• Work request
For every record beneath this instruction, give an exact repetition, omitting images.

• The data

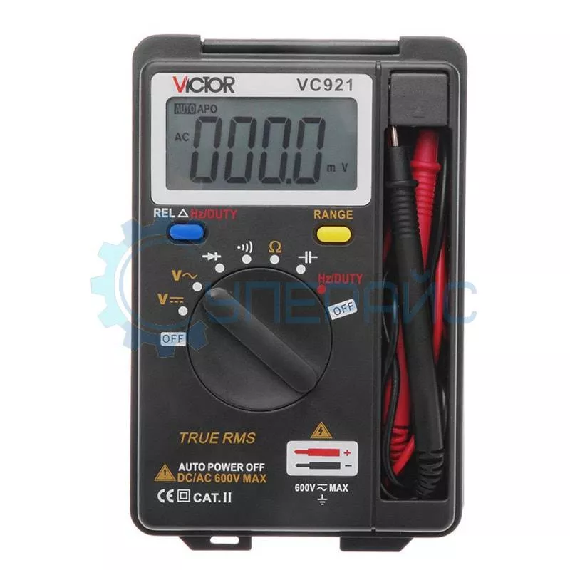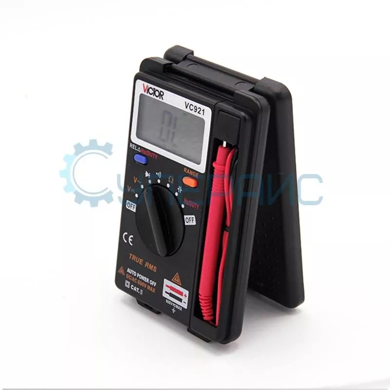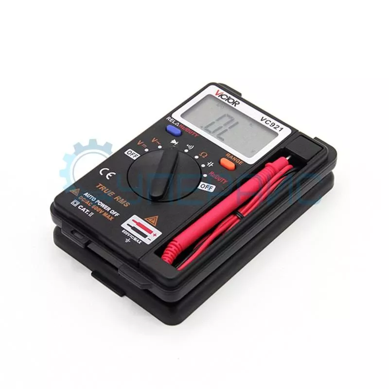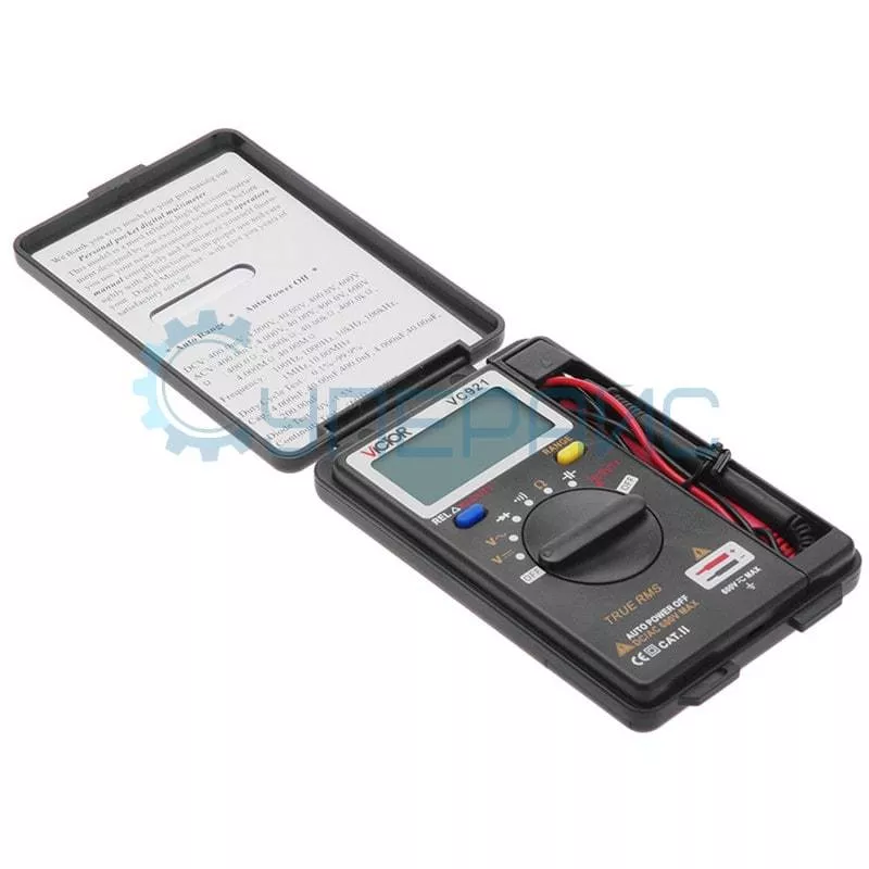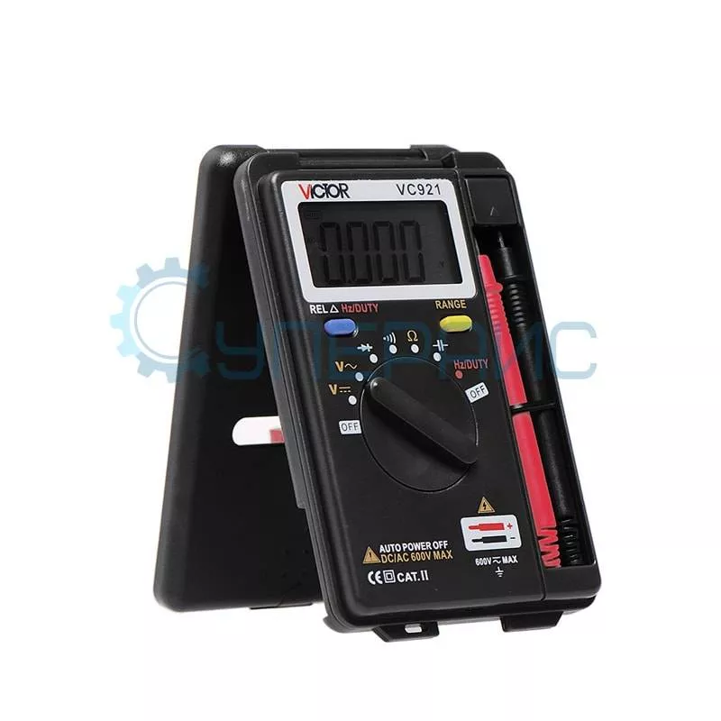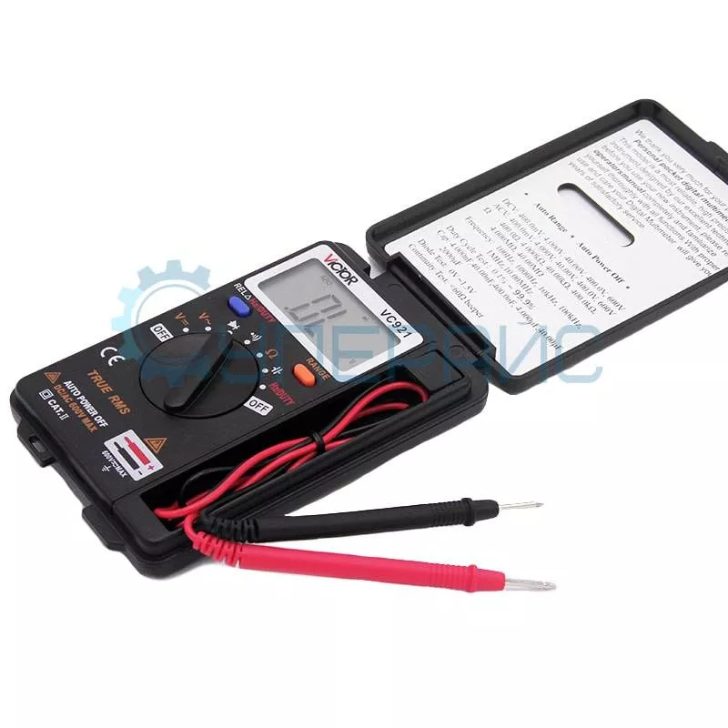 Мультиметр Victor VC921 для измерения постоянного и переменного напряжения, сопротивления, ёмкости, частоты, скважности, с возможностью тестирования диодов и прозвонки электрических цепей.
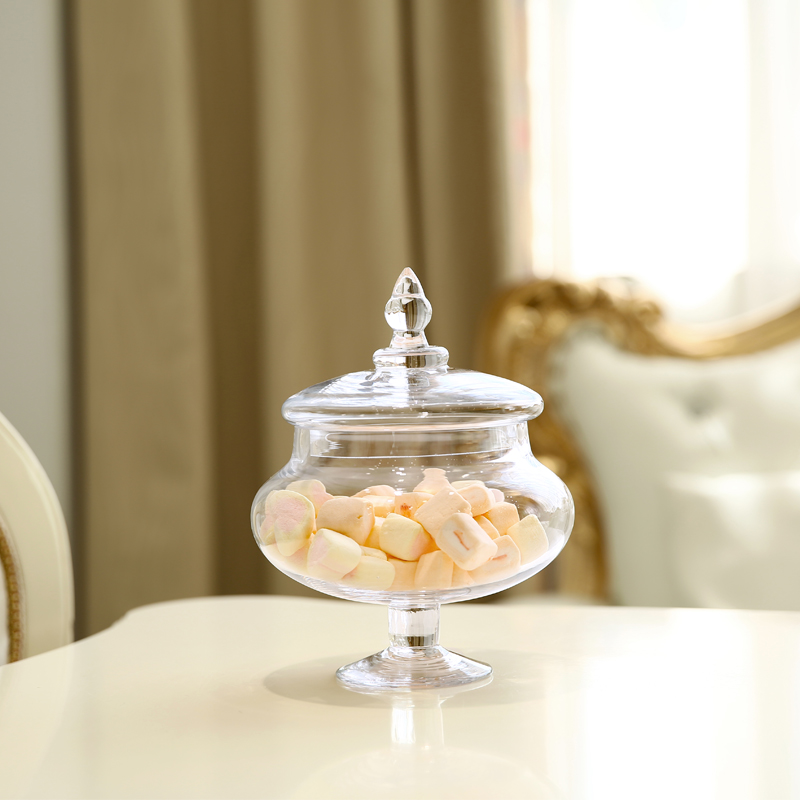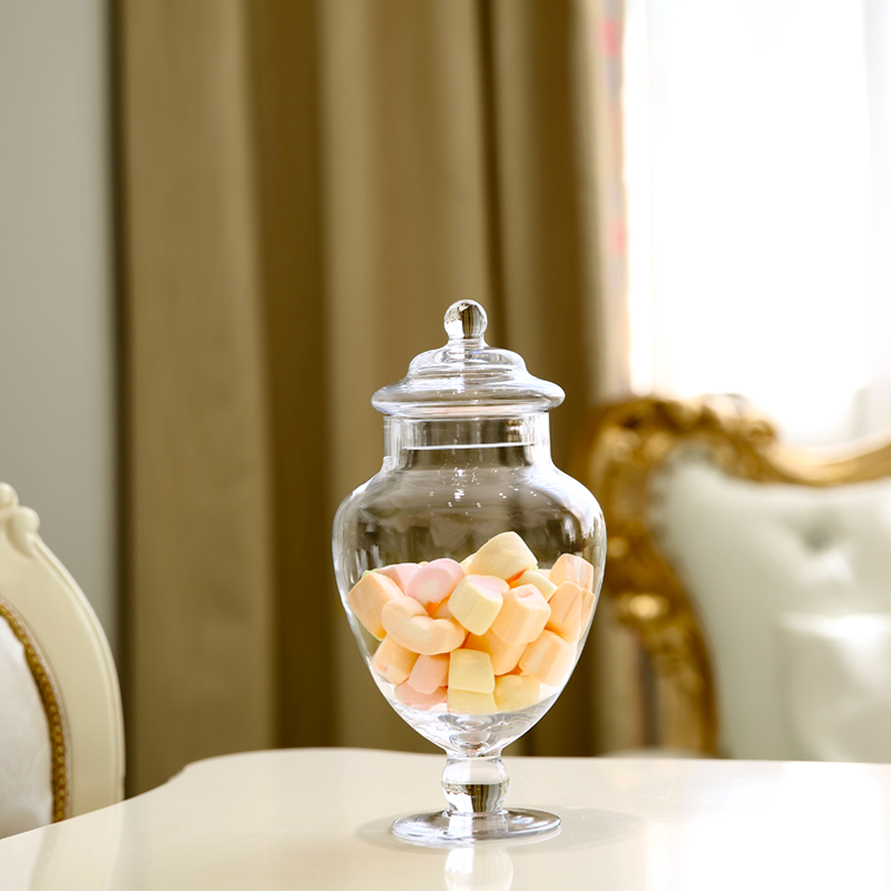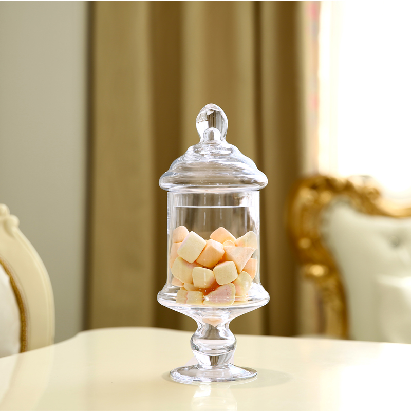 European-style transparent glass storage candy jar tall with lid sugar tank creative wedding dessert table soft home furnishings
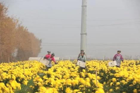 “挑选大朵饱满的,小的不要。”在金丝皇菊的种植基地,马郭庄村负责人正在指导村民如何挑选菊花。
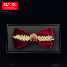 Elviro红色2017新品丝绒黑色百搭 结婚礼服新郎领结金属装饰鹿角
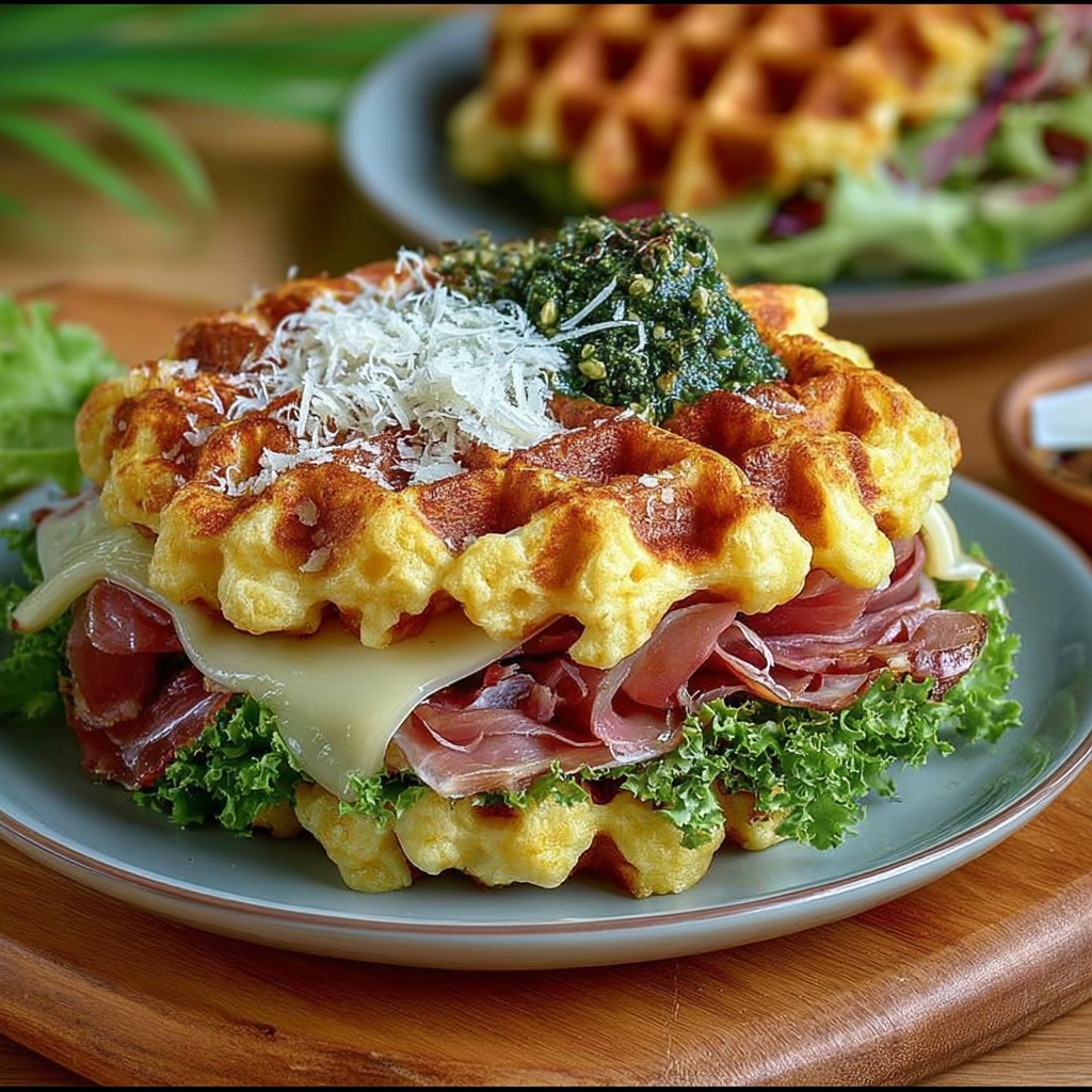 Les gaufres salées sont une alternative originale et savoureuse aux classiques sandwiches ou tartines. Elles sont parfaites pour un buffet, un brunch ou un apéritif dînatoire, car elles se préparent facilement, peuvent être servies tièdes ou froides et plaisent à tous les âges. Cette version, garnie de jambon, de fromage fondant et de salade fraîche, offre un équilibre parfait entre croustillant, onctuosité et fraîcheur.
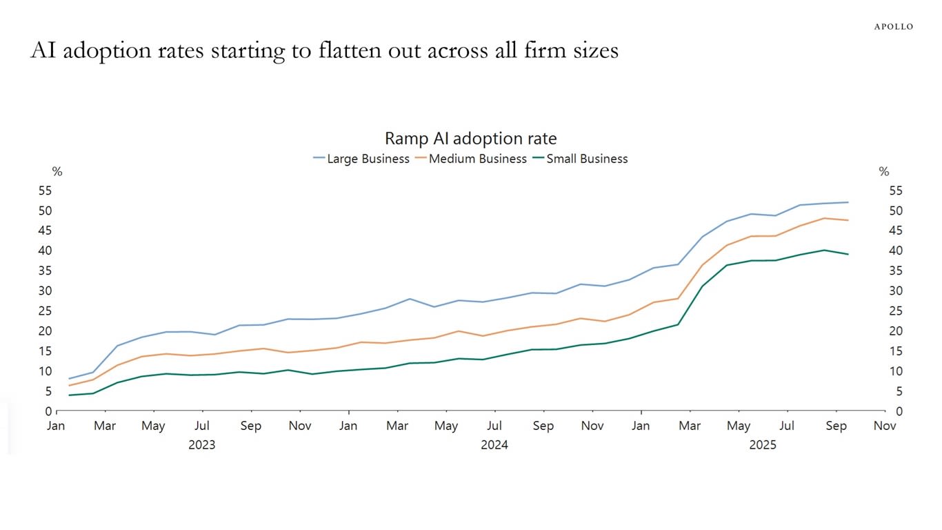 Torsten Slok is Chief Economist over at Apollo. Data from the Census Bureau and Ramp shows that AI adoption rates are starting to flatten out across all firm sizes, see charts above and below.
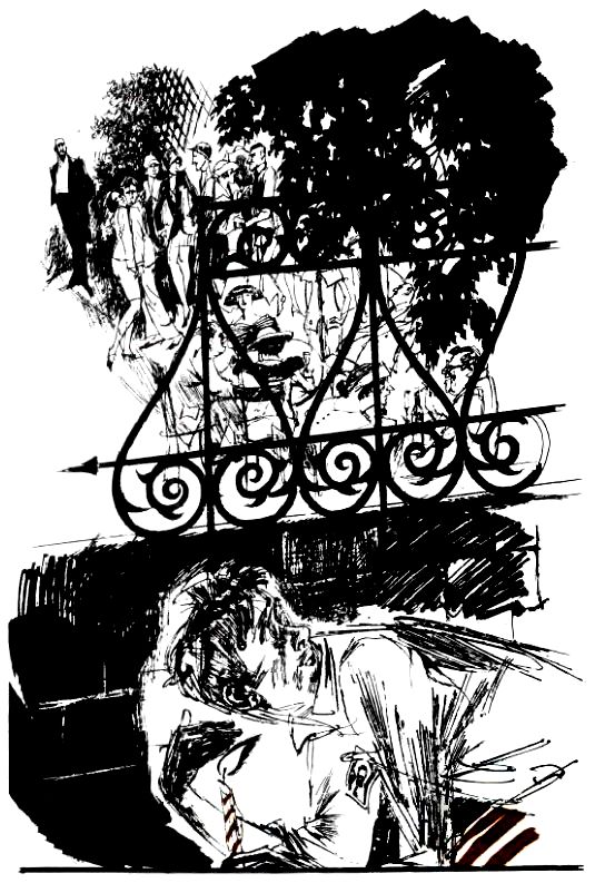– Здорово, други! – после чего заглянул под ближайший столик и воскликнул тоскливо: – Нет, его здесь нет!
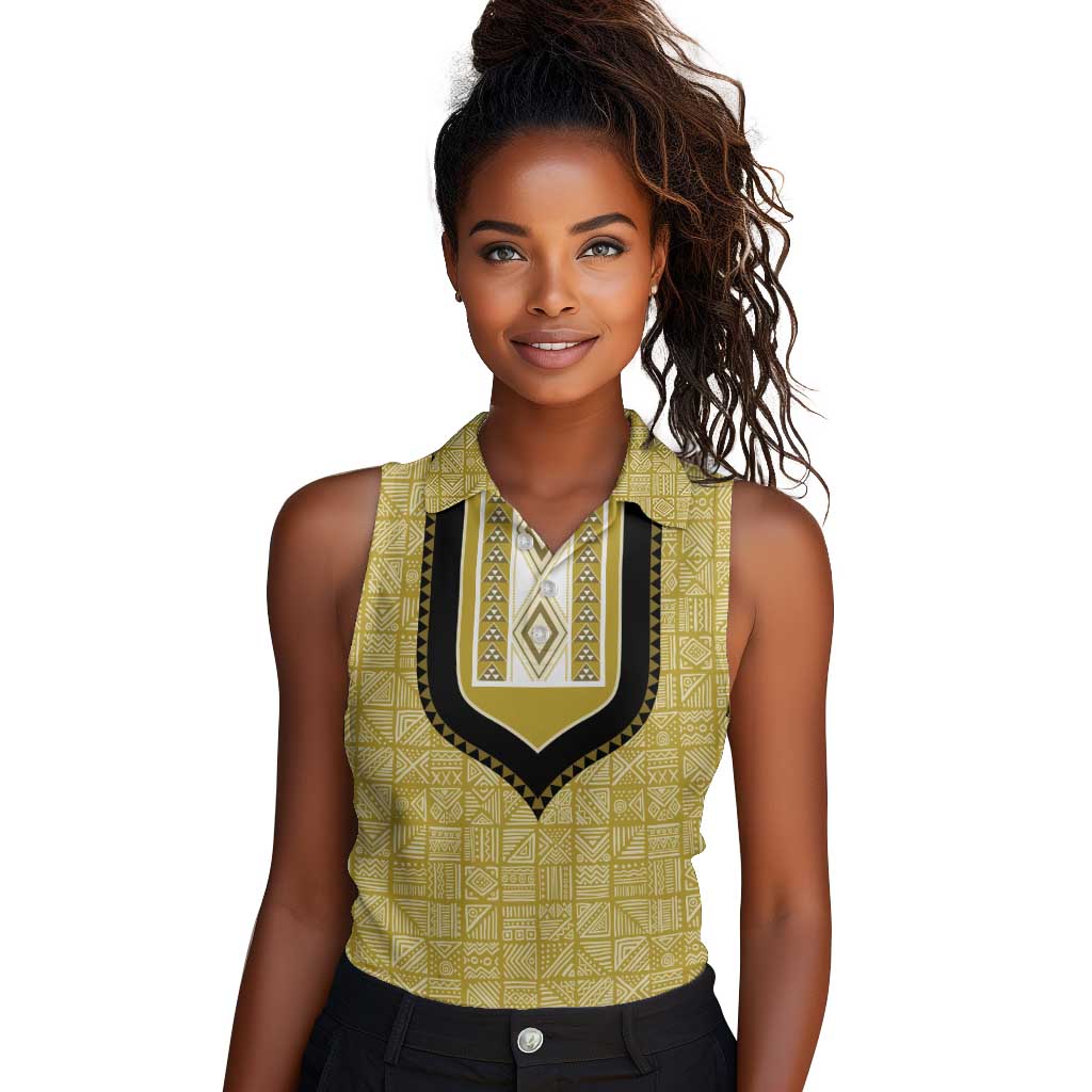 Personalized African Dashiki Women Sleeveless Polo Shirt - Mudcloth Style
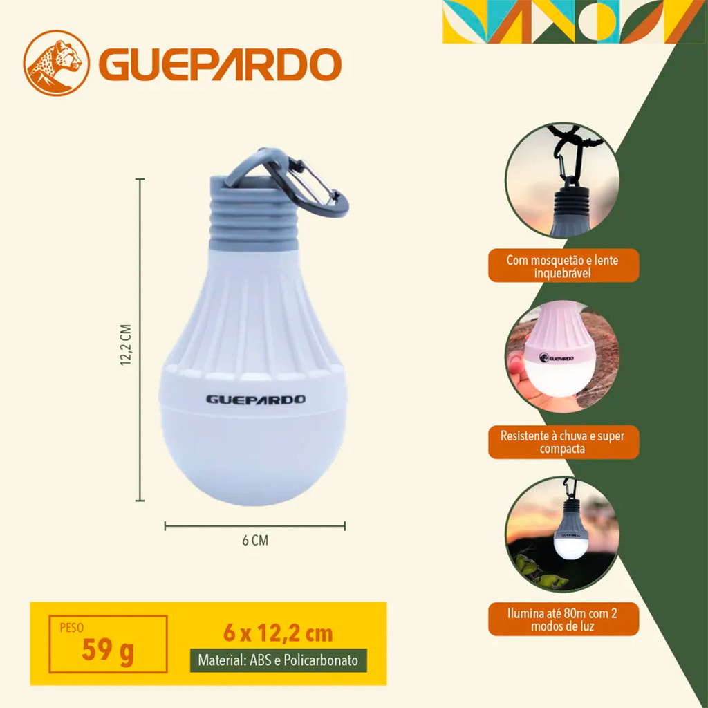 # Auto Equip # Seja bem-vindo(a)!!! --- Descrição:Lâmpada inteligente de LED Guepardo Tent Megalite - NTK Transforme sua casa com a Lâmpada Inteligente Tent Megalite Unica NTK! Experimente a praticidade e a versatilidade do controle de iluminação inteligente, ajustando a cor e a intensidade da luz diretamente do seu smartphone. Crie o ambiente ideal para relaxar, trabalhar, entreter ou simplesmente desfrutar de uma atmosfera única. Lâmpada de LED resistente a chuva - Acompanha mosquetão para melhor fixação - 80 lúmens de potência - Possui 2 modos de iluminação A Tent Megalite da Guepardo é uma lâmpada inteligente para barracas de camping, áreas externas de casas e apartamentos e qualquer tipo de aventura. Esse modelo de LED tem o poder de iluminação de até 80 lúmens, alcance de iluminação de até 80 metros e tempo de iluminação que pode alcançar até 10 horas através da utilização de 1 pilha AA (não inclusa). Possui 2 modos de iluminação: alta e SOS, conta com lente de policarbonato inquebrável, além de ser resistente a chuva. É a lâmpada ideal para iluminar suas noites de camping com muito conforto e tranquilidade, ideal para utilizar dentro de barracas, já que conta com mosquetão incluso. A lâmpada inteligente Guepardo é fabricada com o LED Philips 3535 branco que ilumina de forma limpa e potente. Características Principais: - Ajuste de Intensidade: Regule o brilho da luz para criar o nível de iluminação perfeito para cada atividade, desde uma leitura relaxante até uma festa animada. - Fácil Instalação: Simples de instalar, a lâmpada se adapta a qualquer soquete padrão E27. - Durabilidade e Economia: Aproveite a longa vida útil da lâmpada LED, economizando energia e reduzindo seus custos com eletricidade. - Compatibilidade: Compatível com assistentes virtuais como Google Assistant e Alexa (verifique compatibilidade antes da compra). Informações gerais: - Material: ABS e policarbonato - Peso: 59g - Dimensões: 6 x 12,2cm - Potência: 80 lúmens - Tempo de iluminação: 10 horas - Bateria: 1 AA (não inclusa) - Marca: Guepardo Benefícios: - Personalização Infinita: Crie o ambiente perfeito para qualquer momento e ocasião. - Economia de Energia: Reduza o consumo de energia com a tecnologia LED eficiente. - Design Moderno: A lâmpada possui um design elegante e moderno, que se adapta a qualquer ambiente. - Compre agora a sua Lâmpada Inteligente Tent Megalite Unica NTK e transforme a iluminação da sua casa! Conteúdo da Embalagem: - 01 Lâmpada inteligente de LED Guepardo Tent Megalite - NTK Importante - Garantia de 3 meses; - Pedidos aprovados até 12h00 de segunda a sexta será enviada no mesmo dia; - Enviamos em até 24h úteis; - A embalagem pode variar de acordo com o estoque do fabricante; - Imagens meramente ilustrativas; - A cor do produto pode variar de acordo com a tela do seu smartphone ou computador; - Utilize o campo de "Perguntas e respostas" e esclareça suas dúvidas com nosso suporte técnico. - Todas as informações divulgadas são de responsabilidade do Fabricante/Fornecedor

• Exercise output
 Мультиметр Victor VC921 для измерения постоянного и переменного напряжения, сопротивления, ёмкости, частоты, скважности, с возможностью тестирования диодов и прозвонки электрических цепей.
 European-style transparent glass storage candy jar tall with lid sugar tank creative wedding dessert table soft home furnishings
 “挑选大朵饱满的,小的不要。”在金丝皇菊的种植基地,马郭庄村负责人正在指导村民如何挑选菊花。
 Elviro红色2017新品丝绒黑色百搭 结婚礼服新郎领结金属装饰鹿角
 Les gaufres salées sont une alternative originale et savoureuse aux classiques sandwiches ou tartines. Elles sont parfaites pour un buffet, un brunch ou un apéritif dînatoire, car elles se préparent facilement, peuvent être servies tièdes ou froides et plaisent à tous les âges. Cette version, garnie de jambon, de fromage fondant et de salade fraîche, offre un équilibre parfait entre croustillant, onctuosité et fraîcheur.
 Torsten Slok is Chief Economist over at Apollo. Data from the Census Bureau and Ramp shows that AI adoption rates are starting to flatten out across all firm sizes, see charts above and below.
– Здорово, други! – после чего заглянул под ближайший столик и воскликнул тоскливо: – Нет, его здесь нет!
 Personalized African Dashiki Women Sleeveless Polo Shirt - Mudcloth Style
 # Auto Equip # Seja bem-vindo(a)!!! --- Descrição:Lâmpada inteligente de LED Guepardo Tent Megalite - NTK Transforme sua casa com a Lâmpada Inteligente Tent Megalite Unica NTK! Experimente a praticidade e a versatilidade do controle de iluminação inteligente, ajustando a cor e a intensidade da luz diretamente do seu smartphone. Crie o ambiente ideal para relaxar, trabalhar, entreter ou simplesmente desfrutar de uma atmosfera única. Lâmpada de LED resistente a chuva - Acompanha mosquetão para melhor fixação - 80 lúmens de potência - Possui 2 modos de iluminação A Tent Megalite da Guepardo é uma lâmpada inteligente para barracas de camping, áreas externas de casas e apartamentos e qualquer tipo de aventura. Esse modelo de LED tem o poder de iluminação de até 80 lúmens, alcance de iluminação de até 80 metros e tempo de iluminação que pode alcançar até 10 horas através da utilização de 1 pilha AA (não inclusa). Possui 2 modos de iluminação: alta e SOS, conta com lente de policarbonato inquebrável, além de ser resistente a chuva. É a lâmpada ideal para iluminar suas noites de camping com muito conforto e tranquilidade, ideal para utilizar dentro de barracas, já que conta com mosquetão incluso. A lâmpada inteligente Guepardo é fabricada com o LED Philips 3535 branco que ilumina de forma limpa e potente. Características Principais: - Ajuste de Intensidade: Regule o brilho da luz para criar o nível de iluminação perfeito para cada atividade, desde uma leitura relaxante até uma festa animada. - Fácil Instalação: Simples de instalar, a lâmpada se adapta a qualquer soquete padrão E27. - Durabilidade e Economia: Aproveite a longa vida útil da lâmpada LED, economizando energia e reduzindo seus custos com eletricidade. - Compatibilidade: Compatível com assistentes virtuais como Google Assistant e Alexa (verifique compatibilidade antes da compra). Informações gerais: - Material: ABS e policarbonato - Peso: 59g - Dimensões: 6 x 12,2cm - Potência: 80 lúmens - Tempo de iluminação: 10 horas - Bateria: 1 AA (não inclusa) - Marca: Guepardo Benefícios: - Personalização Infinita: Crie o ambiente perfeito para qualquer momento e ocasião. - Economia de Energia: Reduza o consumo de energia com a tecnologia LED eficiente. - Design Moderno: A lâmpada possui um design elegante e moderno, que se adapta a qualquer ambiente. - Compre agora a sua Lâmpada Inteligente Tent Megalite Unica NTK e transforme a iluminação da sua casa! Conteúdo da Embalagem: - 01 Lâmpada inteligente de LED Guepardo Tent Megalite - NTK Importante - Garantia de 3 meses; - Pedidos aprovados até 12h00 de segunda a sexta será enviada no mesmo dia; - Enviamos em até 24h úteis; - A embalagem pode variar de acordo com o estoque do fabricante; - Imagens meramente ilustrativas; - A cor do produto pode variar de acordo com a tela do seu smartphone ou computador; - Utilize o campo de "Perguntas e respostas" e esclareça suas dúvidas com nosso suporte técnico. - Todas as informações divulgadas são de responsabilidade do Fabricante/Fornecedor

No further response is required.